You Don't Have to Be Religious, Just Righteous There is no requirement that you be "religious" in order to take an active role in shielding your children from "gay" recruitment. You can, however, be righteous in your attitude and your arguments, whether you are religious or not. Righteousness is simply doing what is right, acting with the courage of your convictions. Righteousness is an important quality of leadership; it inspires our children when they see it in others and it will inspire them when they see it in us.

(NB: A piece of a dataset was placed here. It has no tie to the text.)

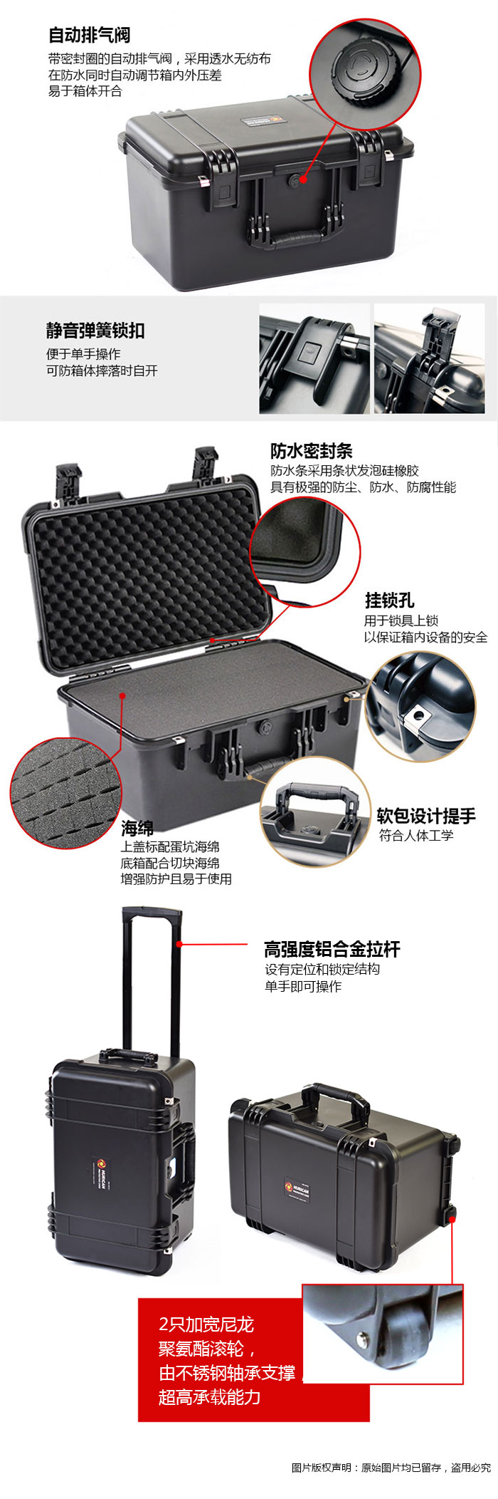 • 静音弹簧锁扣,便于单手操作,可防箱体摔落时自开

If you are not a religious person, you don't have to become one to be righteous in defense of your child, but it would be very useful if you became familiar with some of the Biblical teachings about sexuality. Our recommended passages are listed on the opposite page. Thus far we have introduced the most important issues related to taking authority on behalf of your child. It is up to you to follow up these suggestions and admonitions with further research and study. We have provided a list of resources that will help you become better informed on these and other issues which have to do with homosexuality. We hope you will investigate some of these. We also encourage you to adopt a deeply questioning attitude towards the messages on homosexuality that pour out of the entertainment and news media, the NEA-approved sex-education curricula, and the liberal political establishment. Where do these messages originate? On what authority do their claims rest? Do such claims stand up to the test of your experience and common sense? Remember that we are living in an era of propaganda, in which "spin" and intimidating attitudes are often used to push ideas which are contrary to the values and good sense of the audience. It is very difficult to stand alone against the tactics of political correctness, but the odds change when you have even one other parent who shares your concerns and is willing to stand with you in your efforts. And remember that the promoters of politically correct opinions about homosexuality do not have the best interests of your own child at heart. You do. Do whatever it takes to protect that child.